### WORK INSTRUCTION
Starting at the top of the entries below, write out each line up to and including the one containing "Enhance your wardrobe". Leave the pictures out.

### INPUT DATA
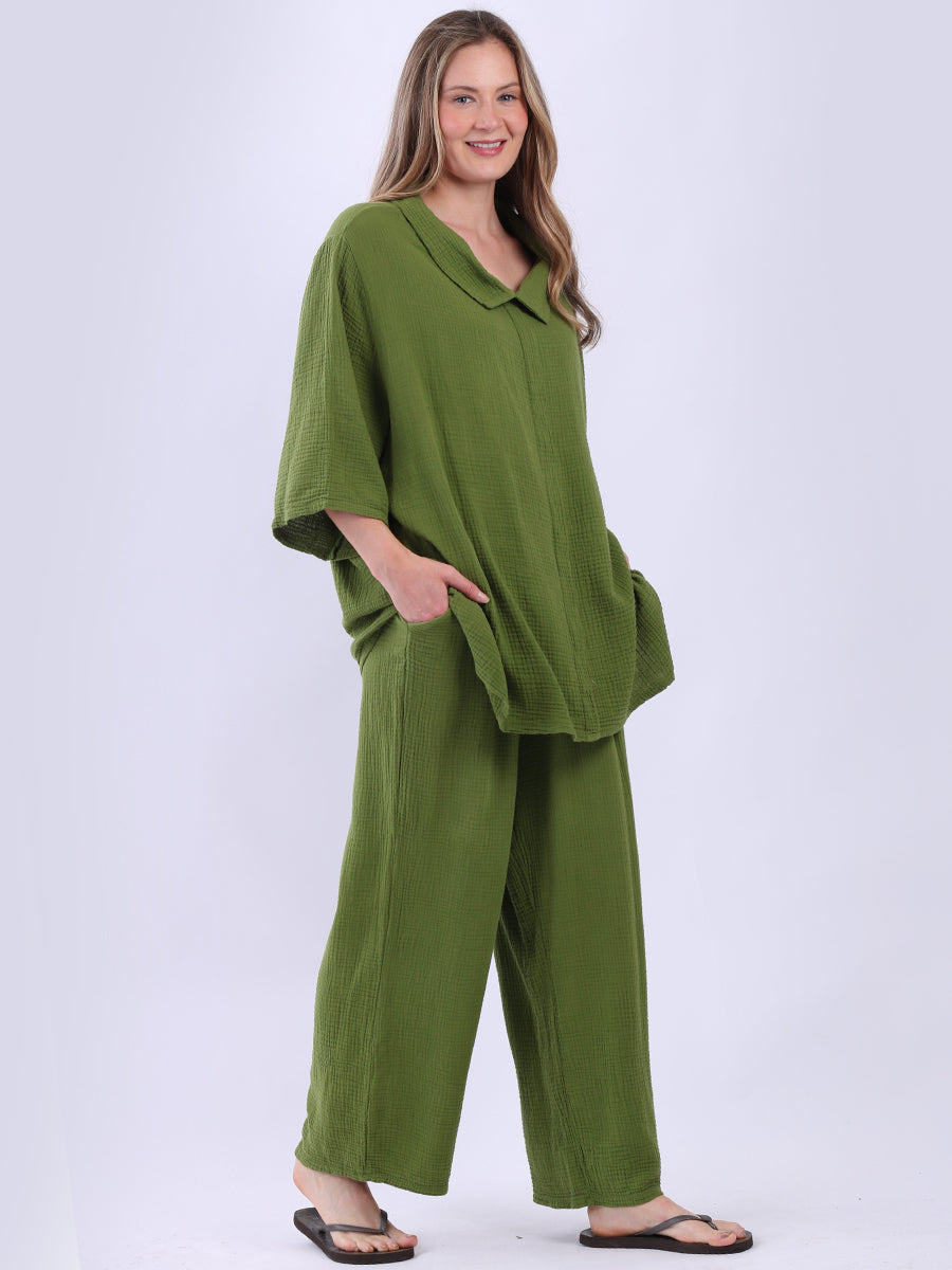 Made In Italy Cowl Neck Solid Cotton Top
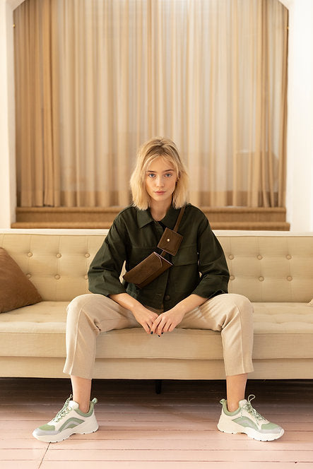 Een olijfgroene heuptas met twee verschillende, afneembare portemonnees en een verstelbare riem. De riem en de portemonnees zijn gemaakt van een hoge kwaliteit vegan leer en beide portemonnees hebben een echte suède flap. De voering is gemaakt van een stoer & chic gestreept canvas.
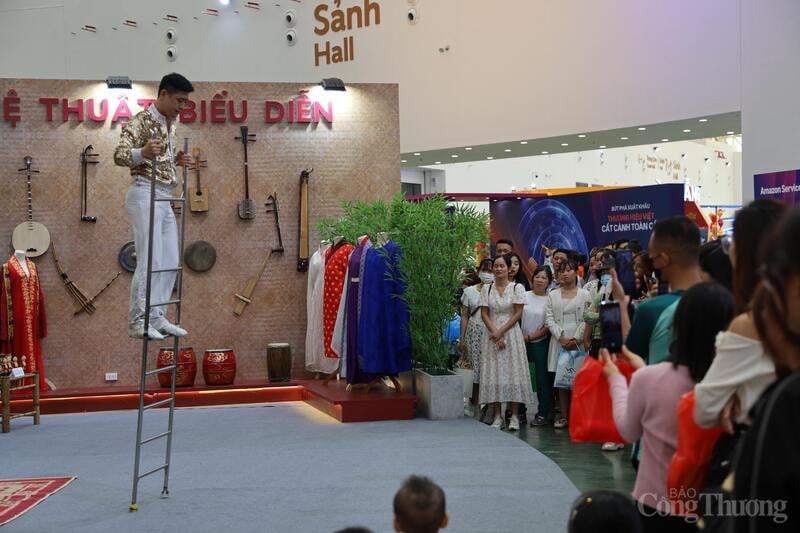 Tiếp nối là chương trình biểu diễn xiếc kết hợp âm nhạc, thu hút sự quan tâm và khiến khán giả vỗ tay không ngớt. Nhiều du khách nước ngoài thích thú ghi hình, hòa mình vào không khí sôi động của hội chợ.
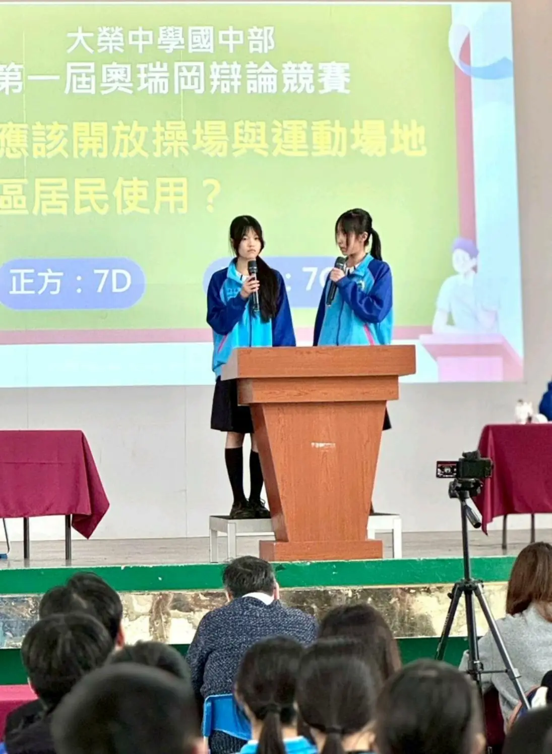 【記者陳雯萍高雄報導】高雄市大榮中學國中部1月23日下午舉辦首屆「奧瑞岡辯論比賽」成果發表會,七年級學生首度站上正式辯論舞台,圍繞校園公共議題與社會價值展開論證交鋒。兩場賽事節奏緊湊、論點清晰,展現學生優異的邏輯思考與語文表達能力,獲得師生與家長一致肯定。
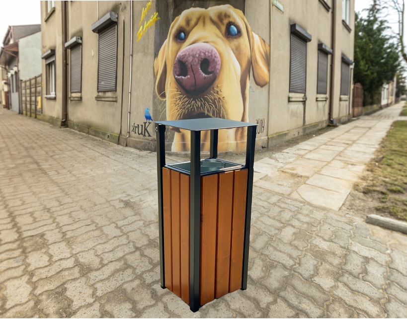 Ötvözi az esztétikai értékeket a szilárd,masszív kivitelellel. Acélszerkezet és acél betéttel ellátott, elegáns kivitelben. 3 színben kapható, fa lécekkel díszített. A tömör acél tető védi a tartály tartalmát az időjárási viszonyoktól. Ennek a városi kukának az egyszerű esztétikája és egyedi stílusa kétségtelenül hangsúlyozni fogja a tér jellegét. További előny a 75 l űrtartalom, ami tökéletesen alkalmas parkokba, lakótelepekre és zöld városi terekre. Tökéletesen illeszkedik az építészet más elemeihez, kiegészítve azt. Univerzális kialakításának köszönhetően ez a szemetes is használható szelektív hulladékgyűjtésre.
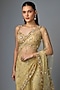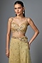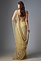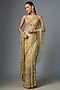Enhance your wardrobe with this gold saree crafted in net with embroidery. The set includes a saree and a blouse and an underskirt. To complete the look, pair it with wedges, statement earrings, and a potli bag for a sangeet or engagement ceremony .
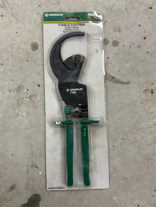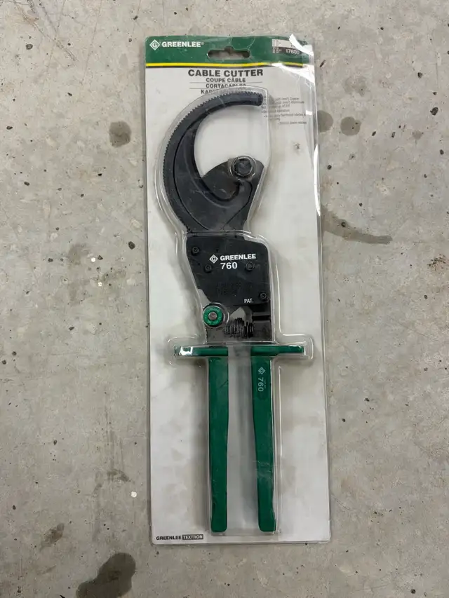 New Greenlee #760 compact ratchet cable cutter is designed to cut up to 1000mcm copper and aluminum cables with ease, offering a clean and efficient cut every time. The ratchet mechanism ensures minimal effort, making it perfect for professional electricians and DIY enthusiasts alike. This tool is brand new, still in its original packaging, ready to tackle any cabling project.

### TASK OUTPUT
 Made In Italy Cowl Neck Solid Cotton Top
 Een olijfgroene heuptas met twee verschillende, afneembare portemonnees en een verstelbare riem. De riem en de portemonnees zijn gemaakt van een hoge kwaliteit vegan leer en beide portemonnees hebben een echte suède flap. De voering is gemaakt van een stoer & chic gestreept canvas.
 Tiếp nối là chương trình biểu diễn xiếc kết hợp âm nhạc, thu hút sự quan tâm và khiến khán giả vỗ tay không ngớt. Nhiều du khách nước ngoài thích thú ghi hình, hòa mình vào không khí sôi động của hội chợ.
 【記者陳雯萍高雄報導】高雄市大榮中學國中部1月23日下午舉辦首屆「奧瑞岡辯論比賽」成果發表會,七年級學生首度站上正式辯論舞台,圍繞校園公共議題與社會價值展開論證交鋒。兩場賽事節奏緊湊、論點清晰,展現學生優異的邏輯思考與語文表達能力,獲得師生與家長一致肯定。
 Ötvözi az esztétikai értékeket a szilárd,masszív kivitelellel. Acélszerkezet és acél betéttel ellátott, elegáns kivitelben. 3 színben kapható, fa lécekkel díszített. A tömör acél tető védi a tartály tartalmát az időjárási viszonyoktól. Ennek a városi kukának az egyszerű esztétikája és egyedi stílusa kétségtelenül hangsúlyozni fogja a tér jellegét. További előny a 75 l űrtartalom, ami tökéletesen alkalmas parkokba, lakótelepekre és zöld városi terekre. Tökéletesen illeszkedik az építészet más elemeihez, kiegészítve azt. Univerzális kialakításának köszönhetően ez a szemetes is használható szelektív hulladékgyűjtésre.
Enhance your wardrobe with this gold saree crafted in net with embroidery. The set includes a saree and a blouse and an underskirt. To complete the look, pair it with wedges, statement earrings, and a potli bag for a sangeet or engagement ceremony .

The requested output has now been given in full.